Sesak di hati Chanyeol lalu menjalar kuat ketika satu persatu potongan kaca itu dilepas dari jangkauannya. Maniknya yang mengabur lalu berkelana, mencuri tatap kekosongan sepasang mata bulan sabit yang redup. Ia lelah berperang, begitu gila ingin menghapus air mata yang dilihatnya di pipi itu. Namun segalanya seakan memberinya tekanan, memberinya batasan besar yang harus ia patuhi.

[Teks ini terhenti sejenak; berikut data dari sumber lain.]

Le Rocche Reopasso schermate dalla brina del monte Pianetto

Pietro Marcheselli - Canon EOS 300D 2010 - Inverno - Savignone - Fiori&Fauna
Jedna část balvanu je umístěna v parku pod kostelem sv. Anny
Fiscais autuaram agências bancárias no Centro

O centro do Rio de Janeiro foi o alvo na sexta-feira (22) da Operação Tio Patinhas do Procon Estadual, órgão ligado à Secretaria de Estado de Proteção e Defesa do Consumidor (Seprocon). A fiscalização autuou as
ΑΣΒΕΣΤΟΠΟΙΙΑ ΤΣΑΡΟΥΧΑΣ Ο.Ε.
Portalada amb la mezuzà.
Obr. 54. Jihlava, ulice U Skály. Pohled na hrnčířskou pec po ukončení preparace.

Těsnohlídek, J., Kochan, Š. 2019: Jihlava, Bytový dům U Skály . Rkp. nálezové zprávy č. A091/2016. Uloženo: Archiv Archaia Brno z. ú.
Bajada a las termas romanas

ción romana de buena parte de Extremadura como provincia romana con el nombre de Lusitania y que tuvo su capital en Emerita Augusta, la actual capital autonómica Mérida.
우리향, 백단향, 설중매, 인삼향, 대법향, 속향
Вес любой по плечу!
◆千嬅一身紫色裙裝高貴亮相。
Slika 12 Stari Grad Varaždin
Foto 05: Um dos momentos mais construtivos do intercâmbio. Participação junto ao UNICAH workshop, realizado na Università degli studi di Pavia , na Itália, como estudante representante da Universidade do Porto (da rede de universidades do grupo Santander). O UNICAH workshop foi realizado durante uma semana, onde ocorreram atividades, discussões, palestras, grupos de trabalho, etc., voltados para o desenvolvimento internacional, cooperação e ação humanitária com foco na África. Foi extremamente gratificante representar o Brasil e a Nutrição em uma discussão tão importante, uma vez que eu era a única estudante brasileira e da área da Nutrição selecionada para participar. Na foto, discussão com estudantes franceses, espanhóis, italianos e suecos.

"Kau terlalu banyak terluka," ujar Chanyeol pelan. Yang kemudian sosok itu hanya bisa menangis memeluk luka di sekujur lengannya.
e)(o
Four Years Ago
Baekhyun mengarahkan kuasnya untuk menari di atas kanvas. Membubuhi bidang seputih kapas itu dengan warna-warna yang sudah lebih dahulu muncul dalam bagian kepalanya. Matanya awas dalam menggurat garis. Memperkirakan bentuk dan komposisi dalam sekali tarik sapuan kuasnya.
Nyaris selesai.
Namun saat ia menemukan bayangan yang terbias dalam ruangan favoritnya, maka semuanya adalah sebuah kesalahan. Demikian saat ia berhenti bergerak dalam menyapu kertas kanvasnya. Terlalu buyar sampai kehilangan garis seimbang.
Baekhyun sama sekali tidak menyalahkan siapapun saat seseorang masuk tanpa mengetuk ruangannya. Terlebih merusak imajinasinya, hasil pergulatannya dengan dua jam berenang dalam kolam warna di paletenya. Hanya saja keberadaan sosok yang disebutnya 'raksasa' itu sudah membuatnya beralih penuh dari eksplorasinya. Sebut mengganggu dan Baekhyun akan tahu bagaimana senyum itu bisa mengembang tanpa kata maaf yang disemat.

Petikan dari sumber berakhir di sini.